Rule of thumb: if it isn't being talked about there is a reason. 





Posted using Outdoor Hub Campfire


----------



## Waz_51 (Jan 10, 2010)

JBooth said:


> Rule of thumb: if it isn't being talked about there is a reason.
> 
> 
> 
> ...


Lmao I hear ya there...we can figure out where the fish are but the most important thing that I need to know is where should we launch at...we're heading up now so I'll be sure to report back 

posted using Outdoor Hub Campfire


----------



## DXT Deer Slayer (Nov 14, 2009)

Currently headed North and prepared to harass steel wherever they may be holding.


----------



## ausable_steelhead (Sep 30, 2002)

Waz...I didn't mean to come off like a dick. It's been like this all spring though:lol:! Normal flow for spring on the AS is 2000cfs, so the current 2300cfs is very fishable. The water is all the way up to 46*...so game on. There should be a ton of walleye in there still.


----------



## DGuw85 (Jan 26, 2011)

I swear the trout fishing part of this forum us the most cryptic, unhelpful section of this sight. Nobody seems to want to help other like mined people. The mans not looking for you're holes our hot baits, just a spot to launch his boat and if its worth his time. Geesh!!
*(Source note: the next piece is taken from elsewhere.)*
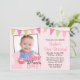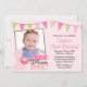 Themed 1. Geburtstags-Party Einladungen der niedlichen Eule. Ein süßer Entwurf in rosa, in Grünem und in Braunem für einen ersten Geburtstag des kleinen Mädchens. Addieren Sie ein Foto, um dieses Special einladen zu lassen. Einige Grafiken durch www.jwillustrations.com
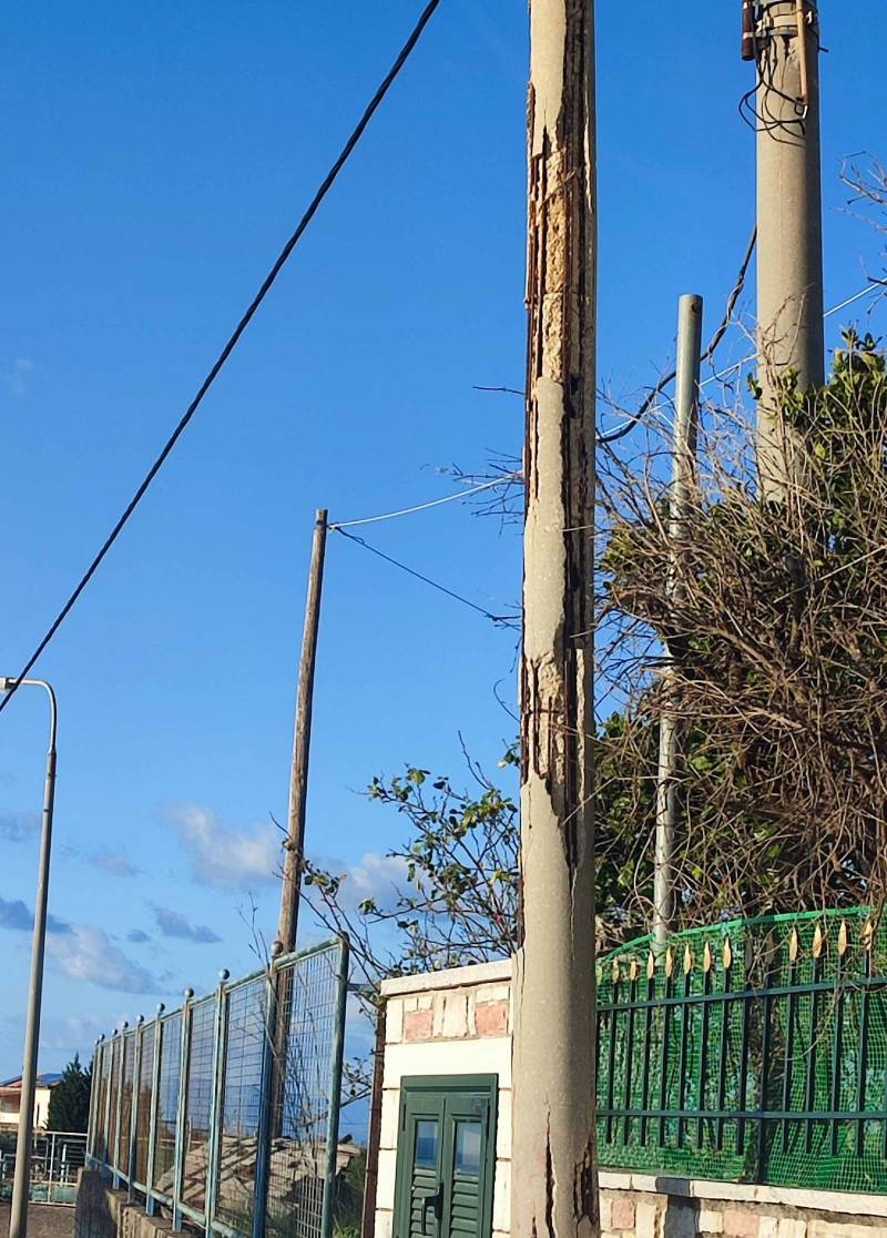Η τσιμεντένια κολόνα έχει διαβρωθεί σε μεγάλο βαθμό και τα σίδερα στο εσωτερικό της έχουν σκουριάσει. Καλό είναι να απομακρυνθεί πριν πέσει σε κανένα διερχόμενο όχημα ή πεζό.

posted using Outdoor Hub Campfire


----------



## Ralph Smith (Apr 1, 2003)

Waz, sorry I didn't read this one sooner. Rhea rd., the whirlpool, and down at the Ausable river store all launch spots. Beside down in town near mouth. Just drive down the rd. to left at light in town after crossing bridge and you'll find them all. I personally if I had a boat and wanted to fish, I'd put in at whirlpool and go up to drift back, or Ausable store and do same. If you hit something, you can always drift down to truck. If your downriver with a problem, your just s.o.l.


----------